Oak Harbor is requesting proposals from contractors to design a new well after an emergency source of water, known as Well 9, became plugged over time.
While this is not out of the ordinary for how old the well is, Public Works Director Steve Schuller said it is yet another canary warning of what he considers one of the city’s top issues — the future of Oak Harbor’s water.
“If you run out of water, it’s a pretty big deal, right?” he said.
While drinking water is piped in from the Skagit River, Oak Harbor’s emergency water comes from the ground. Public works staff test these wells every month, putting some groundwater into the system to make sure they still work. A consulting firm will help Schuller figure out where to drill the new well, how deep it needs to go and to which aquifer.
“It’s a real critical system that in essence we hope we never use, but we want to have available to make sure the community and our island is resilient,” he said.

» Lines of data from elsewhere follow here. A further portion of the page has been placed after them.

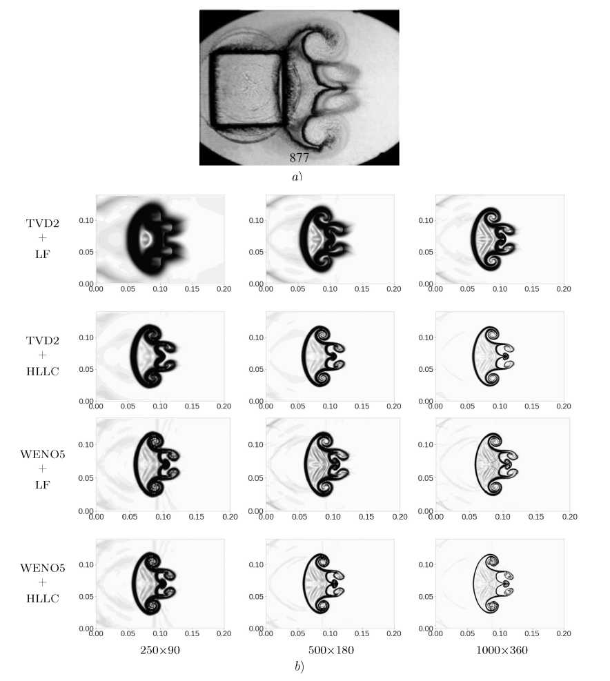 Fig 5.3. Problem 2 MathType@MTEF@5@5@+= feaahGart1ev3aqatCvAUfeBSjuyZL2yd9gzLbvyNv2CaerbuLwBLn hiov2DGi1BTfMBaeXatLxBI9gBaerbd9wDYLwzYbItLDharqqtubsr 4rNCHbGeaGqiVu0Je9sqqrpepC0xbbL8F4rqqrFfpeea0xe9Lq=Jc9 vqaqpepm0xbba9pwe9Q8fs0=yqaqpepae9pg0FirpepeKkFr0xfr=x fr=xb9adbaqaaeGaciGaaiaabeqaamaabaabaaGcbaqefmuySLMyYL gaiuaajugybabaaaaaaaaapeGaa83eGaaa@3A74@  numerical schlieren pictures at time 877 μ MathType@MTEF@5@5@+= feaahGart1ev3aaatCvAUfeBSjuyZL2yd9gzLbvyNv2CaerbuLwBLn hiov2DGi1BTfMBaeXatLxBI9gBaerbd9wDYLwzYbItLDharqqtubsr 4rNCHbGeaGqiVu0Je9sqqrpepC0xbbL8F4rqqrFfpeea0xe9Lq=Jc9 vqaqpepm0xbba9pwe9Q8fs0=yqaqpepae9pg0FirpepeKkFr0xfr=x fr=xb9adbaqaaeGaciGaaiaabeqaamaabaabaaGcbaGaeqiVd0gaaa@37AD@  s: a MathType@MTEF@5@5@+= feaahGart1ev3aaatCvAUfeBSjuyZL2yd9gzLbvyNv2CaerbuLwBLn hiov2DGi1BTfMBaeXatLxBI9gBaerbd9wDYLwzYbItLDharqqtubsr 4rNCHbGeaGqiVu0Je9sqqrpepC0xbbL8F4rqqrFfpeea0xe9Lq=Jc9 vqaqpepm0xbba9pwe9Q8fs0=yqaqpepae9pg0FirpepeKkFr0xfr=x fr=xb9adbaqaaeGaciGaaiaabeqaamaabaabaaGcbaGaamyyaaaa@36DD@ ) experiment [16]; b MathType@MTEF@5@5@+= feaahGart1ev3aaatCvAUfeBSjuyZL2yd9gzLbvyNv2CaerbuLwBLn hiov2DGi1BTfMBaeXatLxBI9gBaerbd9wDYLwzYbItLDharqqtubsr 4rNCHbGeaGqiVu0Je9sqqrpepC0xbbL8F4rqqrFfpeea0xe9Lq=Jc9 vqaqpepm0xbba9pwe9Q8fs0=yqaqpepae9pg0FirpepeKkFr0xfr=x fr=xb9adbaqaaeGaciGaaiaabeqaamaabaabaaGcbaGaamOyaaaa@36DE@ ) calculation results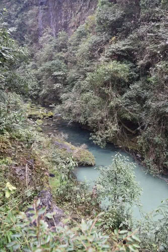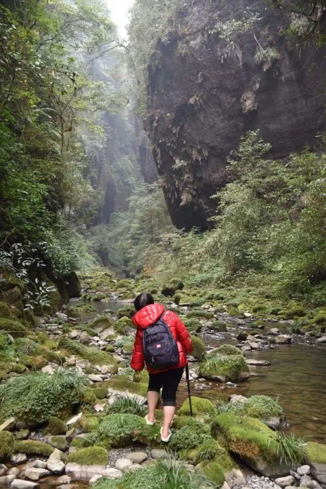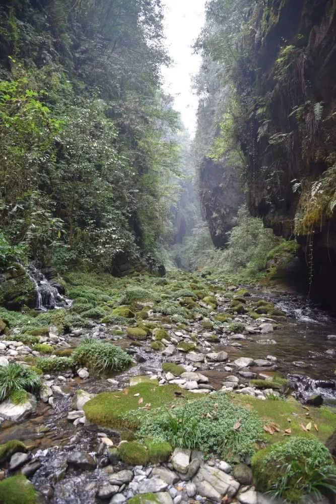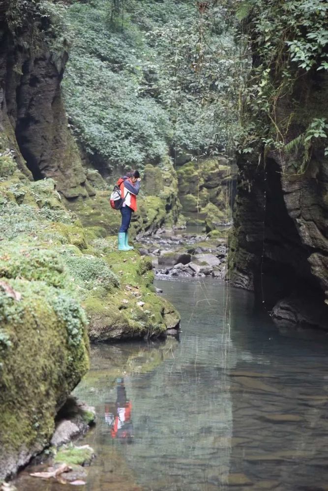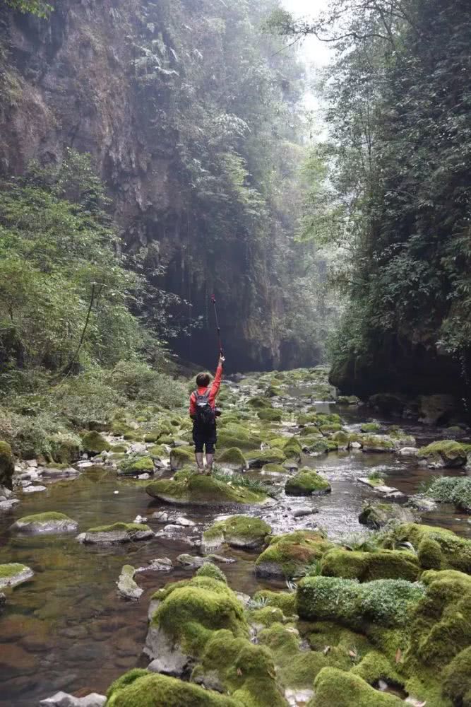 峡谷越来越窄了,对峙的峭壁相距不过四五米,河面也只剩两三米宽了。只能沿绿绒绒的石坎前行。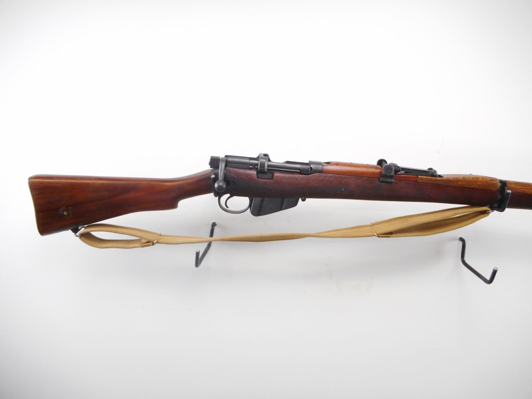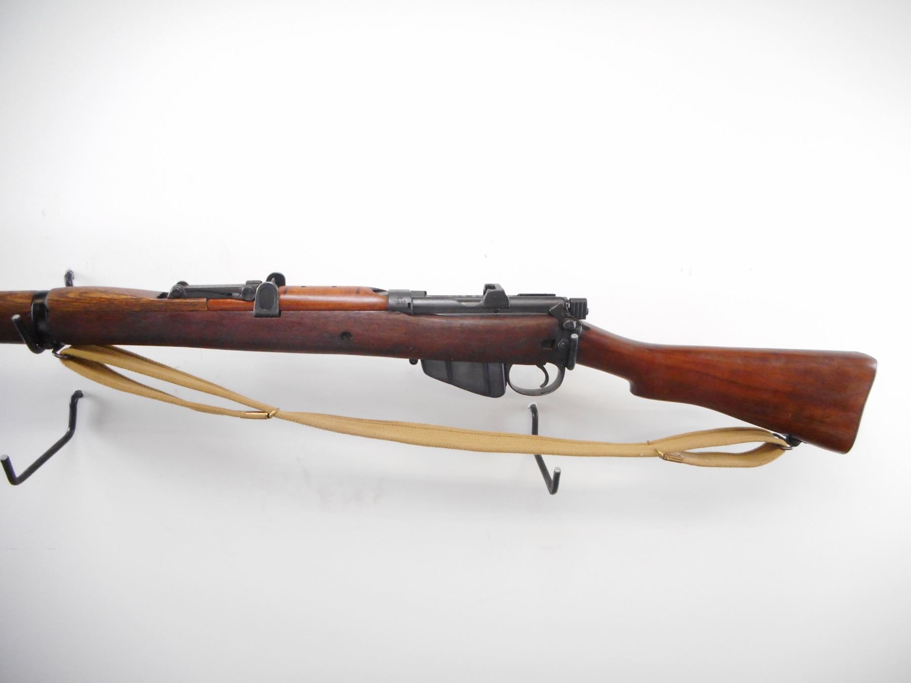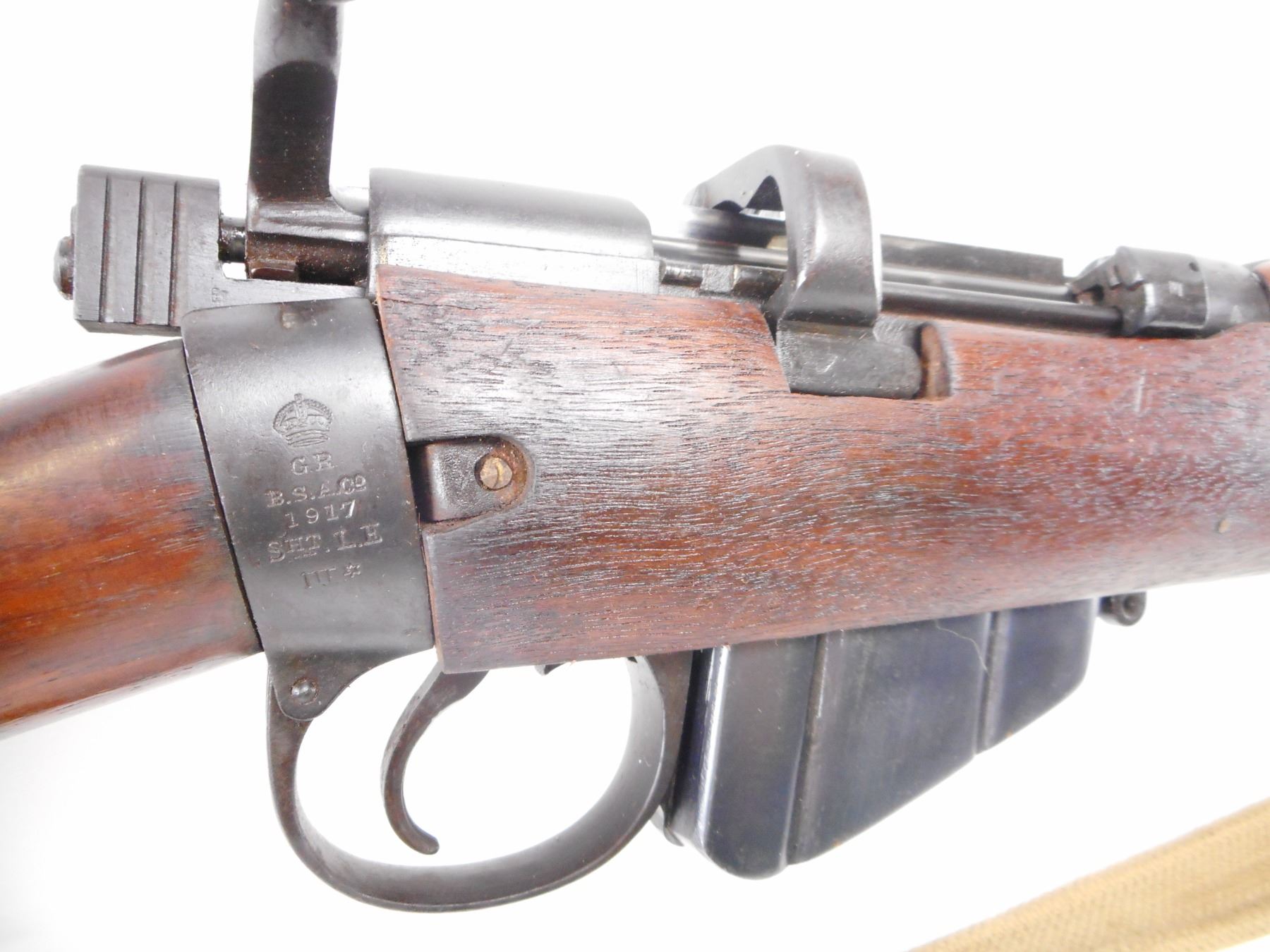 LEE ENFIELD , MODEL: NO1 MK III* , CALIBER: 303 BR , BORE IS FAIR, LIGHT PITTING. COMES WITH MAGAZINE. MFG'D BY BSA CO 1917. SERIAL NUMBERS DO NOT MATCH. BLADE FRONT SIGHT WITH EARS. ADJUSTABLE U NOTCH REAR SIGHT. FOUR PIECE FULL MILITARY STOCK. BRASS BUTT PLATE WITH TRAP. THREE SWIVELS. CANVAS SLING. NEW ZEALAND OWNERSHIP MARKS ON RECEVER, REBUILT. METAL FINISH SHOWS WEAR, HANDLING MARKS. STOCKS MISMATCHED WITH HANDLING MARKS AND WEAR , ACTION: BOLT ACTION RIFLE , BARREL LENGTH: 25 1/4" , SERIAL # 38196 , CONDITION: 7/10 , CLASS: CANADIAN NON RESTRICTED CLASS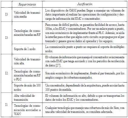En resumen, el volumen de datos transportado en la arquitectura siempre crece a medida que la información viaja hacia el centro de gestión, hecho que exige el uso de canales con una velocidad de transmisión alta comparada con la que necesitan las UM con el CD. Por su parte, el número de nodos requeridos por las interfaces cambia según la cantidad de dispositivos que intervengan en la comunicación. Finalmente, las tecnologías sugeridas en cada caso responden a la relación costo-beneficio que se puede obtener de su implementación.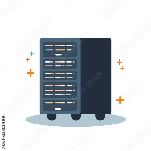 Illustration of a Data Server Rack with Multiple Bays and Wheels for Easy Movement, Representing Technology and Data Management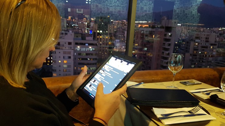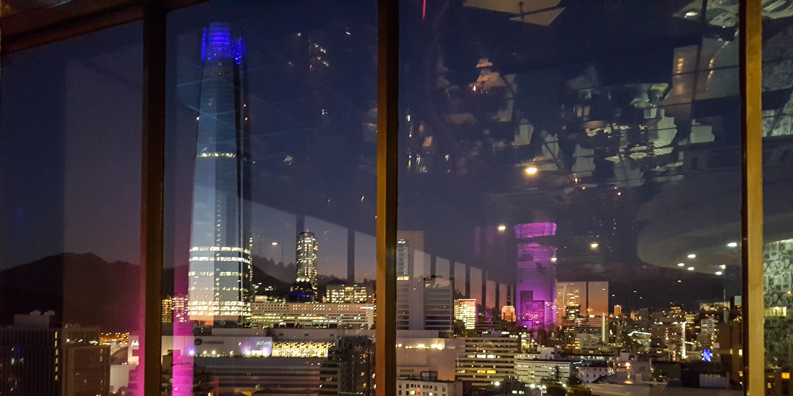 Szybki marsz, winda, szatnia, kelner, krzesło i już możemy siedząc przy stoliku stojącym na obrotowej platformie podziwiać panoramę miasta. Obraca się toto tak powoli, że zawrotu głowy nie dostaniemy w ogóle ruchu nie czuć. Dopiero po kilku minutach zauważyłem, że „Gran Torre Santiago” przesunął się wyraźnie w prawo.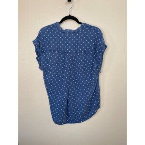 Jachs Girlfriend Womens Blue Button-Up Shirt Large short sleeve tencel pockets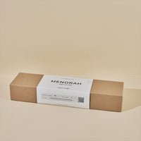 כל חנוכייה מגיעה בקופסת קרטון מהודרת וקשיחה המאפשרת אחסון גם לשנים קדימה.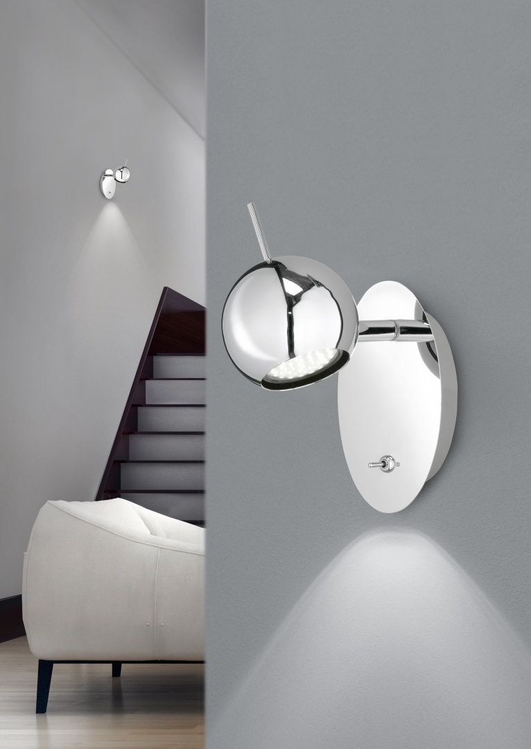 Aplica de perete BOWIE are un design futurist, cu un spot rotund. Lumina sa creează o atmosferă plăcută și confortabilă în living, invitând la relaxare. Datorită formei și culorii universale, acest corp de iluminat se integrează ușor în diferite stiluri de amenajare și arată excelent atât individual, cât și în combinație cu alte produse din aceeași serie. Diametrul produsului este de 8 cm, înălțimea — 14 cm, iar adâncimea — 15 cm. Poate fi pornit și oprit cu ajutorul unui întrerupător. Finisajul cromat elegant subliniază designul rafinat al aplicației, potrivită atât pentru interioare clasice, cât și moderne. Pentru o iluminare eficientă energetic, se recomandă utilizarea becurilor LED. Acestea reprezintă o alternativă optimă la becurile halogen, oferind o lumină de calitate superioară și economii de energie de până la 80%. În plus, becurile LED au o durată lungă de viață, emit puțină căldură și protejează mediul înconjurător.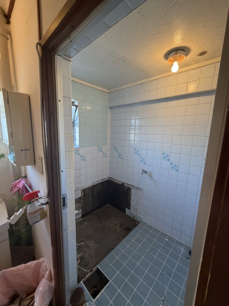 工事初日。浴槽、浴室扉撤去。壁がタイル仕様です。天井はちょっと写ってませんね・・・塗装天井でした。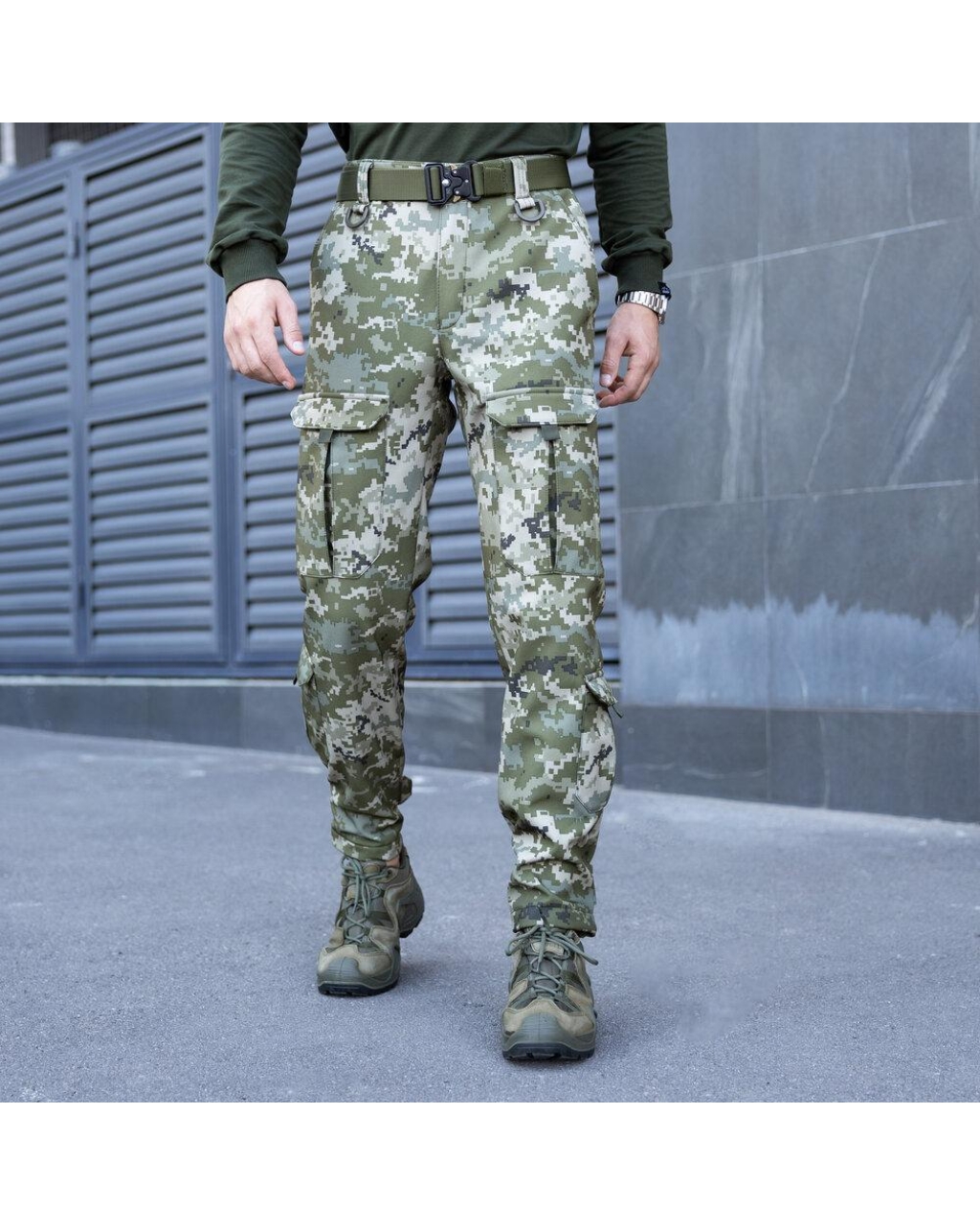 Чоловічі штани-карго "Hardy" - ідеальний вибір для справжніх чоловіків, які цінують комфорт, функціональність та стиль. Ці тактичні штани виготовлені з високоякісного софтшелу, що робить їх надзвичайно міцними та зручними для носіння в умовах мілітарі стилю. Основна особливість - це дев'ять функціональних кишень. Накладні набедрені кишені з двостороннім доступом, накладні кишені на гомілках та задня кишеня на водонепроникній блискавці забезпечують достатньо місця для зберігання речей. Пояс штанів застібається на ґудзик та блискавку, а також має шльовки для ременя з пластиковими півкільцями для додаткового кріплення. Вшиті резинки по боках забезпечують ідеальну посадку по фігурі. Низ штанини можна легко регулювати за допомогою липучки, що дозволяє носити їх з різним взуттям.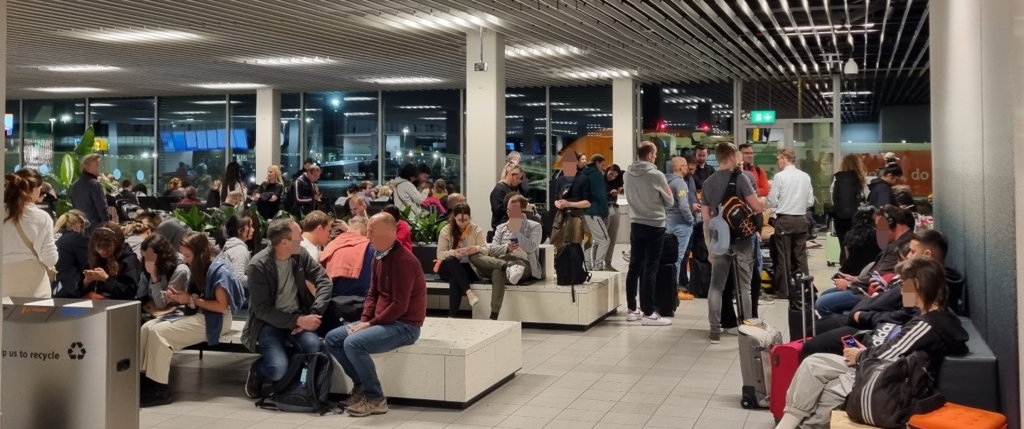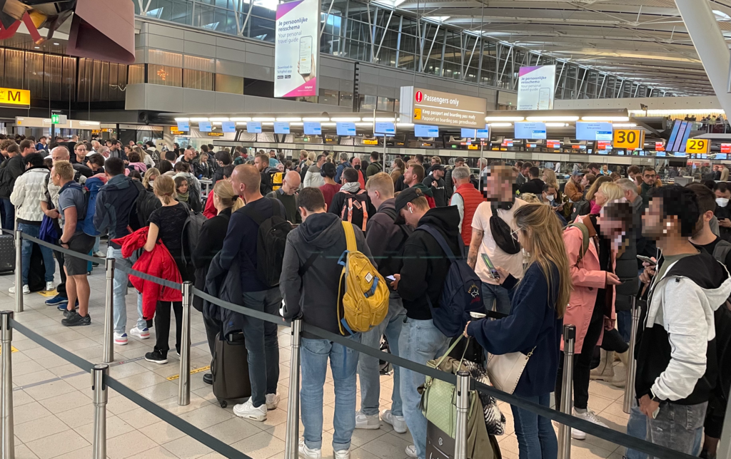 코로나19 사태로 2020년부터 여객이 줄었던 스키폴공항은 2019년 여객의 68%까지 회복되고 있다. 그러나 갑자기 여행객이 몰리면서 보안검색 등 공항운영 인력부족사태가 벌어져 2주 전까지 보안검색을 받기 위해 긴 줄을 섰다가 비행기를 타지 못하거나 수하물을 잃어버린 승객 등 민원 2000건에 대해 돈으로 보상해 줬다.

The main drinking water system is fragile, Schuller said.
“All of those customers get their drinking water for their homes and for their businesses and for their operations from two pipes that go over the Deception Pass bridge,” he said.
The two steel pipes bringing water into Oak Habor were installed by the Navy in the 1940s. The bottom has corroded, and pinhole leaks last year forced Anacortes to turn a valve to shut it down so they could fix the problem.
Repairs are difficult, Schuller said. It’s a bottlenecked, high-traffic area suspended nearly 200 feet.
“Can you imagine back in the 1940s?” Schuller asked. “They had to chip through that rock to put the water line in.”
Now, the lines are back in service, but they are past their useful life.
Replacing just the six miles of pipe that Oak Harbor owns from the bridge to town could cost over $20 million, Schuller said. Worse yet, an earthquake could knock the pipes into the sea no matter if they have been replaced.
Those emergency wells may not be for emergencies in the future.
Soon, the city will have to answer the question, Schuller said: Is it better to replace the line or invest in additional groundwater storage?
Following the city’s comprehensive plan due next year, staff will draft the water comprehensive plan, which starts with a water rate study. It’s a long process and a dire one, Schuller said.